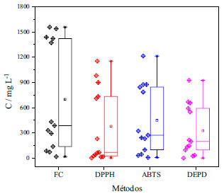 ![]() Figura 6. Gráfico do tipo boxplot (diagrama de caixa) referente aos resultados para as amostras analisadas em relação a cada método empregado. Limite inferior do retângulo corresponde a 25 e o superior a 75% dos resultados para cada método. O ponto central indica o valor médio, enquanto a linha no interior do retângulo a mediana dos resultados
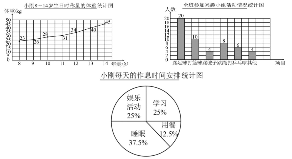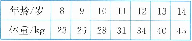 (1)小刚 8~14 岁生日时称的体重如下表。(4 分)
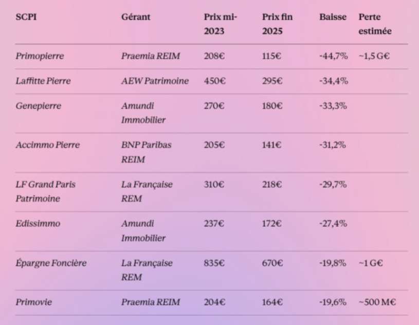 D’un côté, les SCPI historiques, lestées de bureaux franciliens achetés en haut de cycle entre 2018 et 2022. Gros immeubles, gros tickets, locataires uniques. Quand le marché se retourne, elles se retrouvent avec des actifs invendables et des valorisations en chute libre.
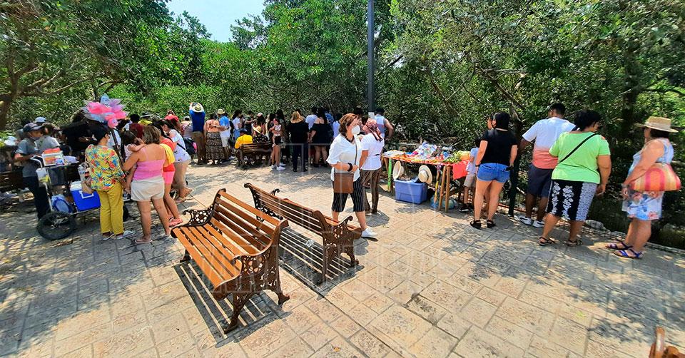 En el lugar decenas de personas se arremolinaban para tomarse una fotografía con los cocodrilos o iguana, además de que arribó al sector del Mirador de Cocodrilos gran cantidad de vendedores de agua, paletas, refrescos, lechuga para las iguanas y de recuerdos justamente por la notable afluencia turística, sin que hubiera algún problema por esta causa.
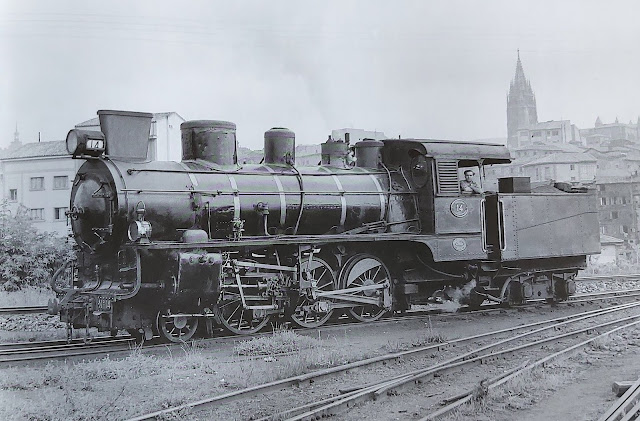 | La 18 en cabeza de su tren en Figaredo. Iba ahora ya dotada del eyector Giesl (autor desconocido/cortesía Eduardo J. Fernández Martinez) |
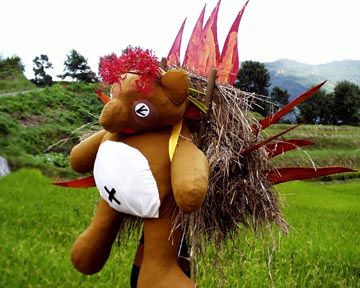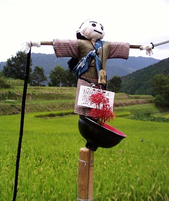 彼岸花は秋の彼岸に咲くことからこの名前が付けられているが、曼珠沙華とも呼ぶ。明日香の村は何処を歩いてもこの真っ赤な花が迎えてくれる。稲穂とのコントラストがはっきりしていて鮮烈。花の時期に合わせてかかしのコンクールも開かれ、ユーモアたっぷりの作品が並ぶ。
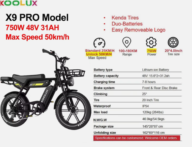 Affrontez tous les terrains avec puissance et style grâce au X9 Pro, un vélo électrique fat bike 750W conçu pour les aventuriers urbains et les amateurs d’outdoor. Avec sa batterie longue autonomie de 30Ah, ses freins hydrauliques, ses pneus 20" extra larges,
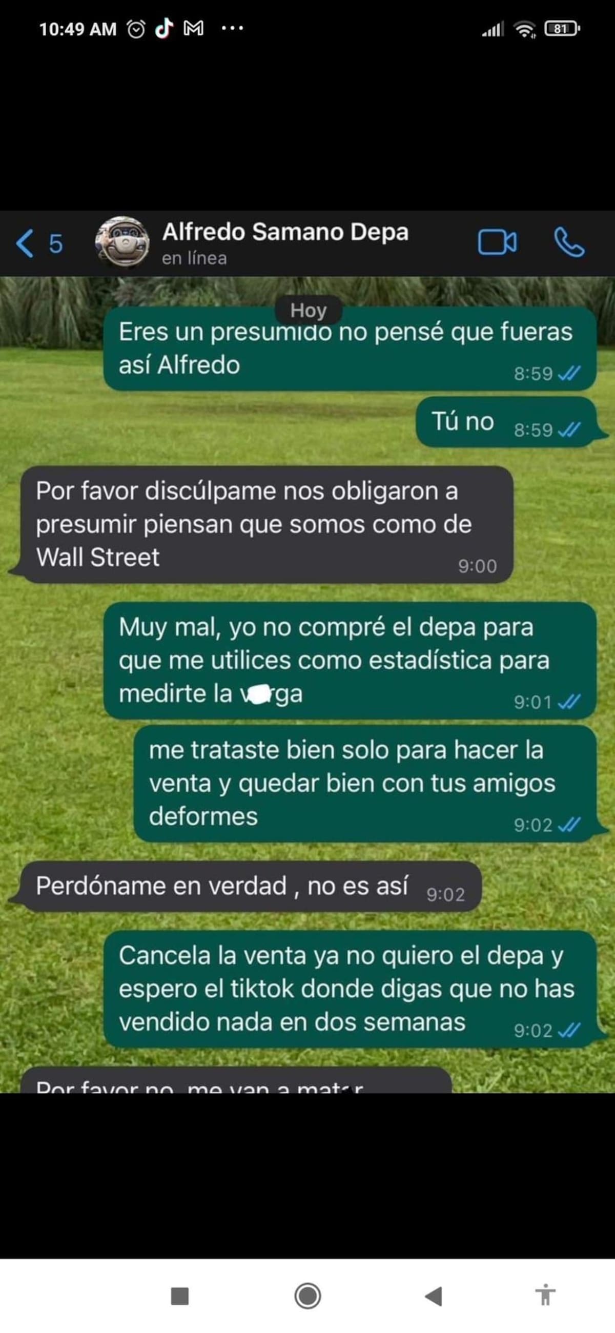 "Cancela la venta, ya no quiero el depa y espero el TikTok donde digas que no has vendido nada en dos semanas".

***

Please give the entries again word for word, without any pictures.

 ![]() Figura 6. Gráfico do tipo boxplot (diagrama de caixa) referente aos resultados para as amostras analisadas em relação a cada método empregado. Limite inferior do retângulo corresponde a 25 e o superior a 75% dos resultados para cada método. O ponto central indica o valor médio, enquanto a linha no interior do retângulo a mediana dos resultados
 (1)小刚 8~14 岁生日时称的体重如下表。(4 分)
 D’un côté, les SCPI historiques, lestées de bureaux franciliens achetés en haut de cycle entre 2018 et 2022. Gros immeubles, gros tickets, locataires uniques. Quand le marché se retourne, elles se retrouvent avec des actifs invendables et des valorisations en chute libre.
 En el lugar decenas de personas se arremolinaban para tomarse una fotografía con los cocodrilos o iguana, además de que arribó al sector del Mirador de Cocodrilos gran cantidad de vendedores de agua, paletas, refrescos, lechuga para las iguanas y de recuerdos justamente por la notable afluencia turística, sin que hubiera algún problema por esta causa.
 | La 18 en cabeza de su tren en Figaredo. Iba ahora ya dotada del eyector Giesl (autor desconocido/cortesía Eduardo J. Fernández Martinez) |
 彼岸花は秋の彼岸に咲くことからこの名前が付けられているが、曼珠沙華とも呼ぶ。明日香の村は何処を歩いてもこの真っ赤な花が迎えてくれる。稲穂とのコントラストがはっきりしていて鮮烈。花の時期に合わせてかかしのコンクールも開かれ、ユーモアたっぷりの作品が並ぶ。
 Affrontez tous les terrains avec puissance et style grâce au X9 Pro, un vélo électrique fat bike 750W conçu pour les aventuriers urbains et les amateurs d’outdoor. Avec sa batterie longue autonomie de 30Ah, ses freins hydrauliques, ses pneus 20" extra larges,
 "Cancela la venta, ya no quiero el depa y espero el TikTok donde digas que no has vendido nada en dos semanas".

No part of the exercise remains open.